Tauchsafaris Indischer Ozean
Wer die Malediven vom Bord erlebt, verbindet Maamigili und weitere Tauchplätze mit einem festgelegten Mehrtagesrhythmus statt täglicher Ausfahrten vom Land aus
Was diese Region auf einer Tauchsafari besonders macht
- Malediven: Maamigili als häufig genannter Riffplatz
- Seychellen: Explorer 1 für abgelegene Atolle
- Madagaskar: sechs Tage Mitsio und Radama
- Malediven: Hanifaru Bay als benannter Tauchplatz
- Seychellen: Sea Bird für gemischte Gruppen
- Madagaskar: Gros Plan mit acht Tauchplätzen
Auf Tauchsafari hier
Eine mehrtägige Liveaboard-Reise verlegt den Tauchalltag vom festen Ausgangshafen aufs Wasser: Schlafen, Essen und mehrere Tauchgänge folgen demselben schwimmenden Ablauf. Auf den Malediven verbindet dieses Prinzip die häufig genannten Plätze Maamigili, Barracuda Giri, Banana Reef und Dhigu Thila mit weiteren Stationen wie Dhonkalo, Foththeyo Kandu, Hanifaru Bay und Kudarah Thila. Auf Madagaskar bleibt Gros Plan mehrere Tage in den Archipelen Mitsio und Radama; diese liegen nördlich von Nosy Be und sind von Tagesausflügen weit entfernt. Dadurch entsteht kein tägliches Kofferpacken zwischen Hotel und Hafen. Die sechs Tage und fünf Nächte dort bieten zehn geplante Tauchgänge, außerdem ist Nachttauchen möglich.
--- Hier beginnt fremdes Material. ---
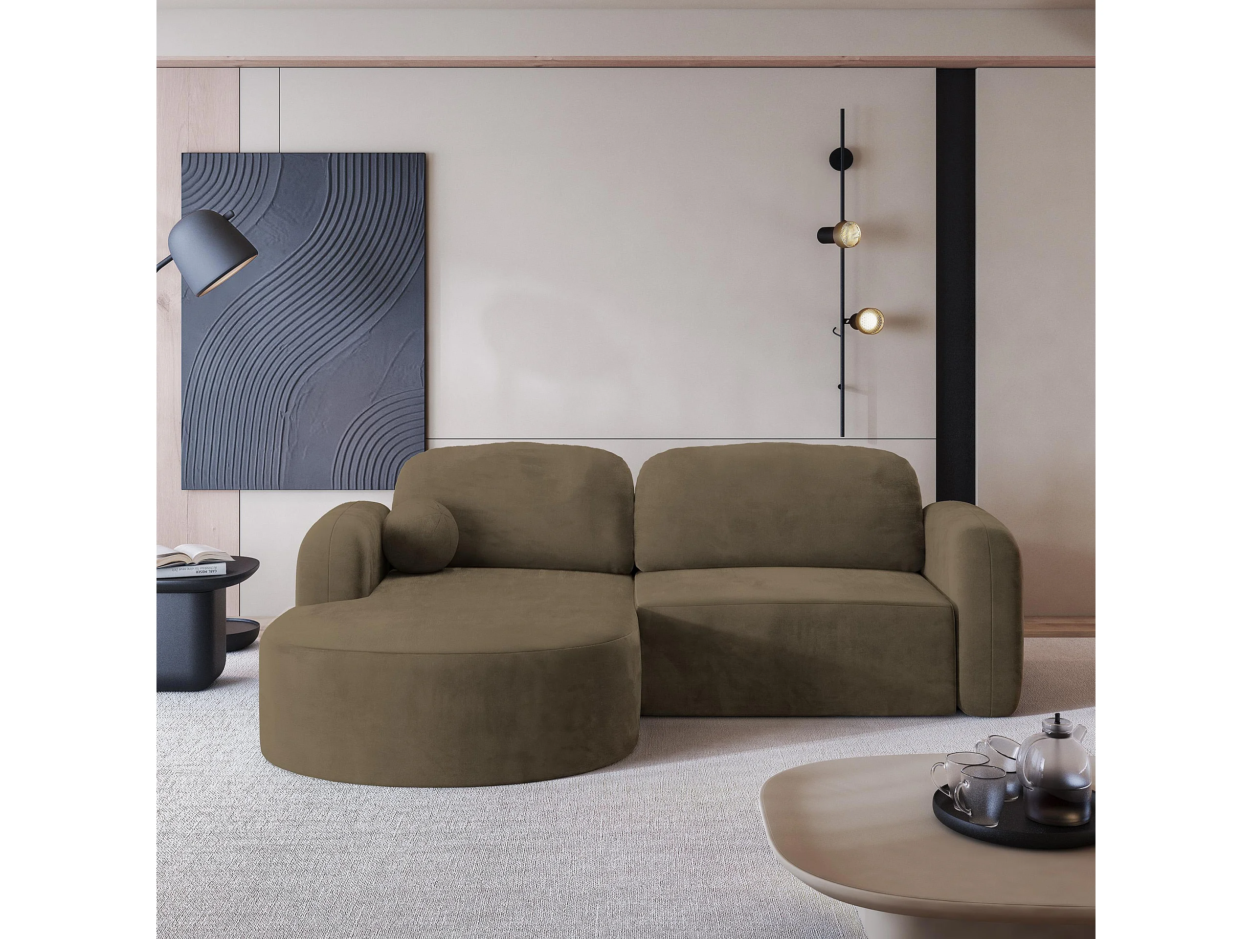 Canapé d'angle AMILIA Beige en velours avec fonction de couchage
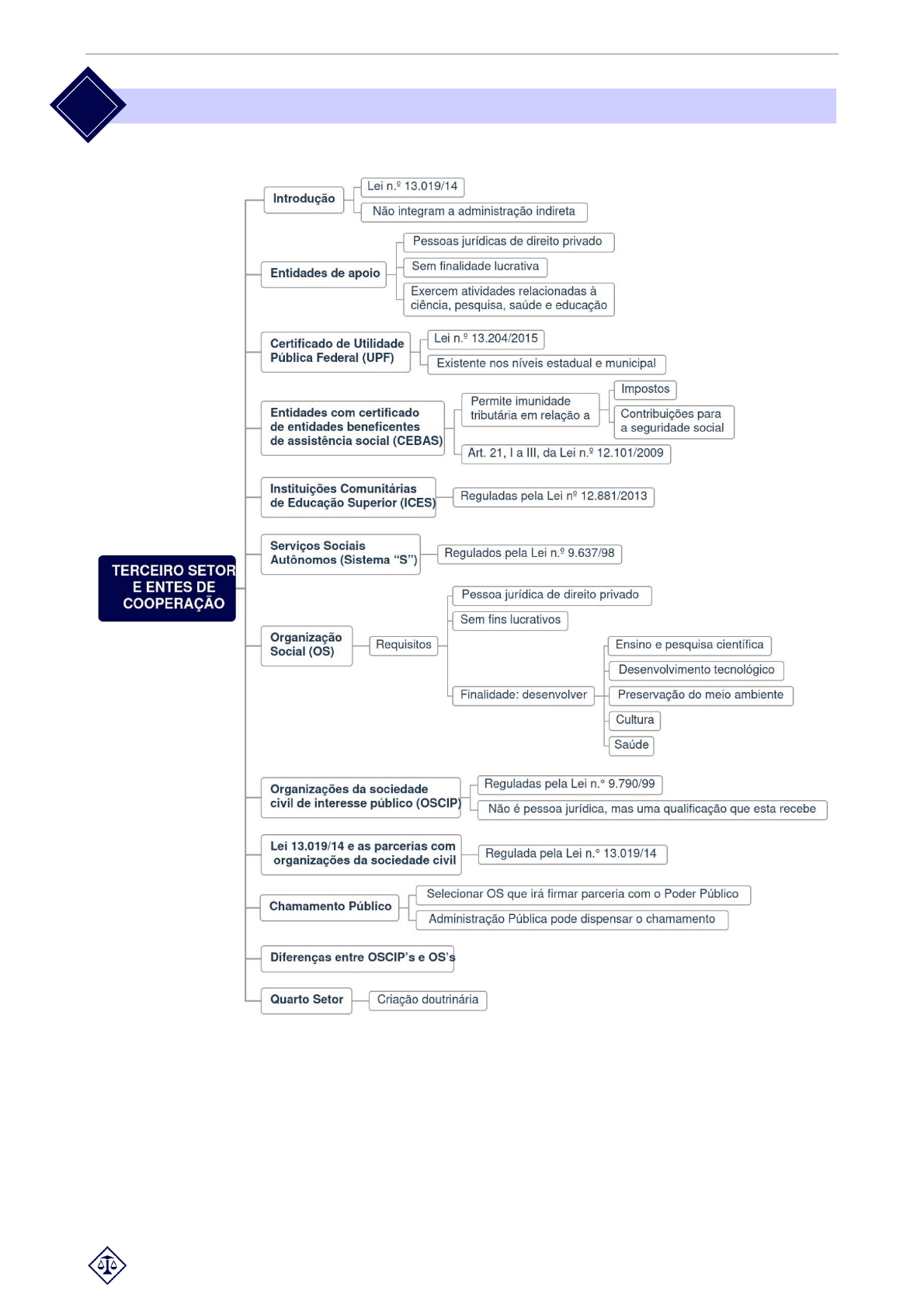 FLÁVIA LIMMER TERCEIRO SETOR E ENTES DE COOPERAÇÃO • 4 83 TERCEIRO SETOR E ENTES DE COOPERAÇÃO 4 FLÁVIA LIMMER TERCEIRO SETOR E ENTES DE COOPERAÇÃO • 4 84 Para entender o terceiro setor, é interessante esclarecer quais são os demais. O primeiro setor é o Estado, e o segundo a iniciativa privada/mercado. No terceiro estão organismos, instituições ou organizações sem fins lucrativos que realizam projetos de interesse do Estado. Desempenham atividades em áreas que não são de atuação exclusiva do Poder Público, com o objetivo de agir junto à sociedade, visando a sua melhora e desenvolvimento. Estes entes de cooperação não integram a administração indireta e compreendem: • Serviços Sociais Autônomos (Sistema S); • Entidades de Apoio; • Organizações Sociais (OS); • Organizações da Sociedade Civil de Serviço Público (OSCIP); Ronny Charles56 prefere inserir essas últimas duas entidades (OS e OSCIP) dentro do terceiro setor, que para ele inclui: • Organizações Sociais (OS); • Organizações da Sociedade Civil de Serviço Público (OSCIP); • Entidades de Utilidade Pública Federal (UPF); • Entidades com certificado de entidades beneficentes de assistência social (CEBAS); • Instituições Comunitárias de Ensino Superior (ICES). É bom ressaltar que existem autores que se utilizam da expressão terceiro setor como sinônimo de entes de cooperação. De toda sorte, a Lei n.º 13.019/2014 estabelece o regime jurídico das parcerias entre a Administração Pública e as organizações da sociedade civil, em regime de mútua cooperação, para a consecução de finalidades de interesse público e recíproco. Importante ter em mente que essas pessoas jurídicas não pertencem ao Estado, e em regra se submetem ao regime jurídico de direito privado. O terceiro setor está em uma área intermediária, em princípio privada, mas que se volta para a execução de atividades privadas e auxilia o Estado no atendimento do interesse público e na realização de atividades que beneficiam a coletividade. Embora não integrem a Administração Pública, alguns entes do terceiro setor recebem fomento estatal e inclusive podem ser mantidos por recursos orçamentários ou contribuições parafiscais, que servem para custeio de atividades realizadas por entidades privadas que não integram funções próprias do Estado, mas que tenham finalidade pública. São chamadas de entidades paraestatais, pois atuam ao lado do Estado. Existiu uma longa discussão quanto à submissão dessas entidades ao regime jurídico administrativo, que hoje estão pacificadas. Di Pietro57 já sustentava que os integrantes do terceiro setor são “predominantemente de direito privado, mas parcialmente derrogado por normas de direito público”. O STF, na ADI 1923/DF, determinou que trata-se de um regime híbrido: por receberem recursos públicos, bens públicos e servidores públicos, o regime jurídico das organizações sociais tem de ser minimamente informado pela incidência dos princípios da Administração Pública (CF, art. 37, caput). Resumidamente: • Não há obrigatoriedade de licitação; • Apesar de afastado o dever de licitar, os princípios administrativos devem ser observados; • As compras e contratações com emprego de recursos públicos devem ocorrer mediante regulamento próprio, com a devida publicidade e pautados pelos princípios administrativos; • Os contratos de trabalho destas instituições são regidos pela CLT. 56 TORRES, Ronny Charles Lopes de. Terceiro Setor: entre a liberdade e o controle. Salvador: Juspodivm, 2013. 57 DI PIETRO, Maria Sylvia Zanella. Direito Administrativo 33ª ed. São Paulo: GenForense, 2020. Livro eletrônico não paginado. FLÁVIA LIMMER TERCEIRO SETOR E ENTES DE COOPERAÇÃO • 4 85 O Estado e o terceiro setor firmam parcerias, ações públicas para aprimorar projetos e prestação de serviços de interesse da sociedade. São os chamados acordos administrativos colaborativos que, segundo Justino de Oliveira, tem por fim instituir vínculos de colaboração entre o Estado e a sociedade civil. A finalidade desses vínculos colaborativos é promover a efetivação do direito ao desenvolvimento, principalmente por meio da realização de serviços sociais58. É na concepção de parceria da Administração Pública com a sociedade civil que nasce o terceiro setor. Seu grande diferencial quando comparado com os demais entes de cooperação é que o terceiro setor realiza as atividades independentemente da vontade estatal. É justamente sua área de atuação que vai justificar a iniciativa do Estado de fomentar o terceiro setor, através de parcerias. As entidades desse setor não são criadas por lei; as seguintes características – cumulativamente – são necessárias a elas para que façam parte do terceiro setor: • Pertencer à iniciativa privada, nem direta ou indiretamente; • Não ter finalidade lucrativa; • Dotadas de personalidade jurídica; • Exercer atividades voluntária. São elementos essenciais para caracterização do terceiro setor: • Origem privada, fora do Estado; • Inexistência de finalidade lucrativa; • Objetivos e ações devem envolver atividades de interesse público. Existem outras entidades paraestatais que contribuem para a persecução de finalidades públicas, como as entidades fechadas. Existe uma diferença entre terceiro setor e entidade fechada. Na entidade fechada, a atuação está restrita a determinado grupo social, voltada aos seus interesses (associações de classe, sindicatos, clubes, etc.). Alguns autores entendem que as entidades fechadas poderiam ser inseridas dentro do terceiro setor, mas, na verdade, não seria possível. Isso porque as entidades fechadas têm diferentes finalidades. Ainda, no terceiro setor há interesses altruísticos que estão sendo defendidos para toda a sociedade; já as entidades fechadas realizam suas atividades não em prol da cole

Auf den Seychellen bleiben die Routen dagegen kurz und konzentrieren sich auf Mahé, Praslin und La Digue.
Was du hier siehst
Bei den Malediven zeigen die meistgenannten Namen die Bandbreite der Bordrouten: Maamigili, Barracuda Giri, Banana Reef, Dhigu Thila, Dhonkalo, Foththeyo Kandu, Hanifaru Bay und Kudarah Thila. Diese Plätze bilden die konkrete Orientierung für eine Reise zwischen mehreren Tauchstationen. Die Seychellen stehen für drei klar verschiedene Erlebnisse. Explorer 1 nimmt sechs Tauchgäste auf und zielt auf die abgelegenen Atolle Bird, Denis und Amirantes. Sea Bird bietet auf einem Yachtformat für 22 Passagiere auch Kajak und Landausflüge. Sea Pearl ist eine Goélette von 1915 und ein ehemaliges niederländisches Fischerboot. Madagaskar konzentriert sich mit Gros Plan auf die Archipele Mitsio und Radama nördlich von Nosy Be. Das Boot bleibt mehrere Tage im Gebiet, erlaubt dadurch weniger frequentierte Plätze und auch Nachttauchgänge. Konkrete Artennamen nennt das Dossier nicht; die Auswahl lässt sich daher über Plätze, Routen und Bordformate beschreiben.
Welches Land wählen
Die Malediven passen zu dir, wenn du Auswahl und flexible Reisetermine suchst: 42 Boote stehen für viele unterschiedliche Bordpläne und gut dokumentierte Namen wie Maamigili, Hanifaru Bay oder Kudarah Thila. Das ist keine Qualitätswertung, sondern ein Profil mit vielen Kombinationsmöglichkeiten. Die Seychellen eignen sich für Reisende, die ihr Bordformat sehr genau wählen möchten. Explorer 1 bringt sechs Tauchgäste zu Bird, Denis und Amirantes; Sea Bird richtet sich mit 22 Plätzen, Kajak und Landausflügen auch an gemischte Gruppen; Sea Pearl setzt auf den Charakter eines historischen Fischerboots. Madagaskar ist die passende Entscheidung für ein kleines, konzentriertes Abenteuer: Gros Plan nimmt acht Tauchgäste auf, bleibt bei Mitsio und Radama mehrere Tage und erreicht Plätze fern der Tagesausflüge. So steht jeder Staat für einen anderen Reiseplan, nicht für eine Rangfolge.